Composition chimique
Les Alchémilles malagasy, comme toutes les espèces du genre d'ailleurs, sont riches en tannin donnant par hydrolyse des acides ellagigue et utéique. On y a observé en outre la présence d'une quinone, de dérivés flavoniques et d'un oside triterpénique qui semble avoir quelque rapport avec le tormentoside.
Il est à souhaiter que ces travaux soient repris et complétés.
Propriétés pharmacologiques ; indications thérapeutiques
La décoction de la plante sèche (10 grammes dans 200 grammes d'eau à réduire à 100 grammes après filtration, par ébullition lente) est particulièrement efficace dans les affections gynécologiques : prurit vulvaire, règles profuses, leucorrhée, métrorragie, etc. Cette décoction est administrée en injections vaginales et en lotions externes.

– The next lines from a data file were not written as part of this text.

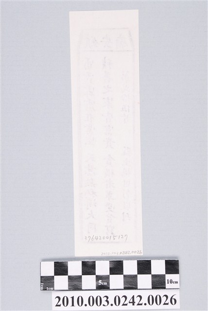 本件為木雕印版所印刷的宜蘭五結鎮安廟第弍拾伍首籤詩,籤詩頭刻有「鎮安廟」,下方有籤詩序號第弍拾伍首,內容「雷霆霹靂在當空,天意無私漙大同;積善之家皆富貴,貪橫者輩受貪窮。」由監生楊世彰敬刊。鎮安廟又稱二結王公廟,奉祀古公三王(柳、葉、英姓三位),1997年進行「千人移廟」所著名。一套籤的數量有36、60、100、120等等,籤詩普遍涵蓋人生面相的正負解釋,藉由解籤人或求籤人的主客觀判斷,解惑尋求化解之道,是民眾的一種心理諮商管道。
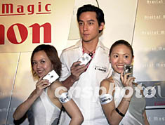 圖:佳能亮麗小姐與吳彥祖共同展示新產(chǎn)品 2002年04月30日 19:51 ![]() 影星吳彥祖30日在香港出席“佳能”舉行“Canon Digital Magic型機(jī)一觸大派對(duì)”記者會(huì),“佳能”特別安排兩位亮麗小姐與吳彥祖共同展示全新數(shù)碼攝影機(jī)。中新社傳真 鄧慶樂(lè) 攝
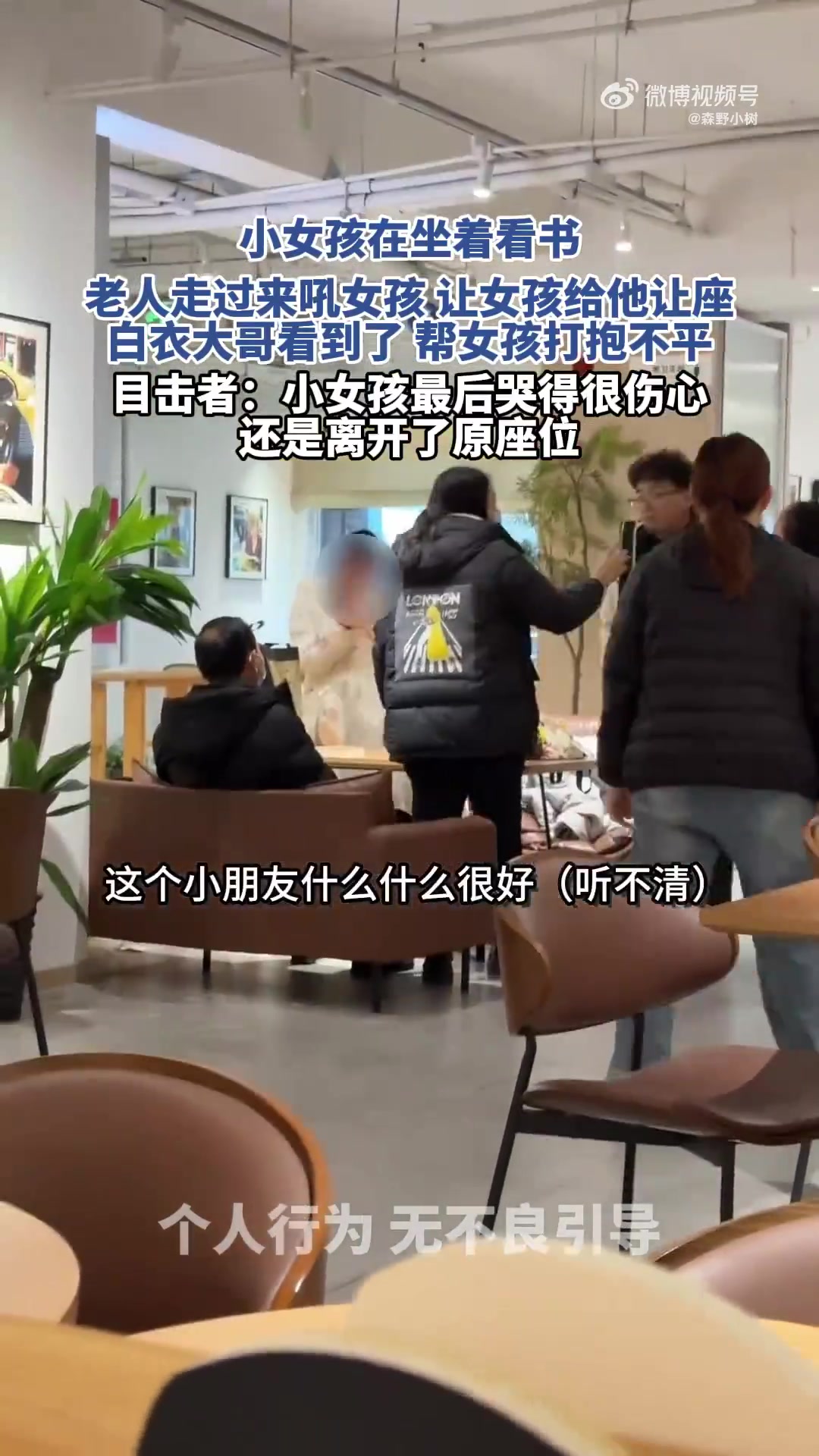 >小女孩看书时,被老人吼着让座

On peut aussi préparer un extrait fluide de la plante. Cet extrait est employé comme la décoction à raison de une cuillérée à soupe pour 100 grammes d'eau bouillie.
On l'utilise aussi à la préparation d'une crème très efficace contre le prurit vulvaire, composée comme suit :
Grammes | |
Extrait fluide d'Alchémille | 2 |
Hydrolat de Geranium Rosat | 18 |
Lanoline | 10 |
Vaseline | 20 |
Si le prurit a une origine trophique, l'association avec un traitement hormonal est recommandée.